“Who…who’s up there?” Glancing back and forth between her dad and Slugger, she realized no one was answering her. And she’d picked up on the word “boss.” What did that mean? Why had Slugger called her dad “boss?” “Are there other OPAQUE agents in the house?”
Again no one answered.
Pressing his earpiece button, Slugger moved near the door as he answered someone from somewhere about something. His expression seemed even more ominous now. Why did him having an earpiece scare her? Mitch and the others used one. That never bothered her. But something about Slugger didn’t quite seem the same as the men who’d risked their lives protecting her ever since Sanibel.
Her dad slid his arm across her shoulders. “You’re okay. That’s just a little housekeeping going on upstairs.”
“Sounded more like trashing the place,” she said.

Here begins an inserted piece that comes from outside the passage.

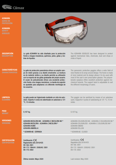 - La gafa AZAHARA ha sido diseñada para la protección frente a riesgos mecánicos, químicos, polvo, gotas y nieblas de líquidos. Ofrece un amplio campo de visión gracias a su diseño envolvente. La montura es de material vinílico y su diseño permite su utilización con la mayoría de las gafas graduadas del propio usuario. El ocular de policarbonato ofrece una excelente proteccción frente a los riesgos mecánicos. La banda de sujeción es ajustable para adaptarse a la diferente morfología de los usuarios. Peso: 0,107 kg.

“By the way, punkin’, how many OPAQUE agents have been guarding you? Four? Six? Eight?”
“Four.” She tried to move out of his casual hold, but he tightened his grip on her.
“How many of them headed to the boat?”
“Four.”
“All men?”
“Yes.”
Slugger smirked then raised his eyebrows as he deliberately moistened his lips. “That’s a shame. I was hoping the lovely Cat would be here.”
“Looks like you’ll have to wait till next time to try out your moves.” Her father nodded in the direction of the boat. “Let them know.”
The man clicked his earpiece mic. “Four incoming your way.”
What the hell was going on? She felt as if she’d just been interrogated. And, for some reason, the wordincomingsounded ominous. Why? What was it about all this that didn’t seem to make sense?
Pushing her father’s hand from her shoulder, she turned out of his grasp and stepped back. Where could she go? She glanced at the open living room only a few steps away, but the kitchen counters were a barrier.
Her father opened the refrigerator and pulled out a beer. “You want anything, Elizabeth?”
“No. I’m fine,” she said. “Thanks, though.”
He laughed then gulped down half the beer. “Still always the polite one, aren’t you? Your mother was good at teaching you manners. Too bad she wasn’t as good at being a wife.”
Fear settled in Liz’s chest. Fear as strong as when she was ten years old and in trouble. Well, she wasn’t ten anymore. “I won’t stand for you putting my mother down. She was sweet and considerate. Always trying to make things better for us. She did the best she—”
Her father threw the now empty beer bottle full force at the stove. The bottle smashed into jagged pieces. Liz screamed, jerked back, covered her face, as the oven’s tempered glass shattered into a multitude of pebble-sized lumps. Glass scattered across the floor in every direction.
“Your mother was nothing but a prim and proper conniving bitch. She never loved me.” He grabbed Liz’s wrist. “Hell, I’d have been better off without her when I went into Witpro.”
“Let me go.” She grappled with his hand, kicked his shin, stomped his foot.
“Don’t fight me, Elizabeth. Don’t make me hurt you.” He intensified his hold. “And don’t think I won’t. You’re nothing to me but a mouth to feed. Not even my own kid. You. Mean. Nothing.”
The words hit her like frigid water on a hot, humid day. Woke her up with sudden awareness before the quick feeling of clammy stickiness coated her face. First, Drake had said he might be her dad. Now the man she’d called father all her life had said she meant nothing to him. One man had loved her mother. One had just slandered the same woman. Who was her father? Who?
She felt alone. Empty. Nobody. Like a sinkhole had open beneath her and she was plummeting hundreds of thousands of feet to oblivion.
“How can you say I’m nothing? I’m your daughter.” The quiver in her voice exposed the betrayal she felt. The need for a parent’s love.
“Nope. You’re just someone I’ve been grooming for years to use for CT’s benefit.” He stared at her without compassion. “The promise of you and your connections are what helped me rise through the ranks. Ain’t that right, Slugger?”
Slugger nodded as he kicked the main pile of glass off to the sides. Pieces clumped in even smaller piles. Pieces bouncing farther under the cabinet overhangs.
“Coercion Ten? You’ve been part of them all these years?” she asked.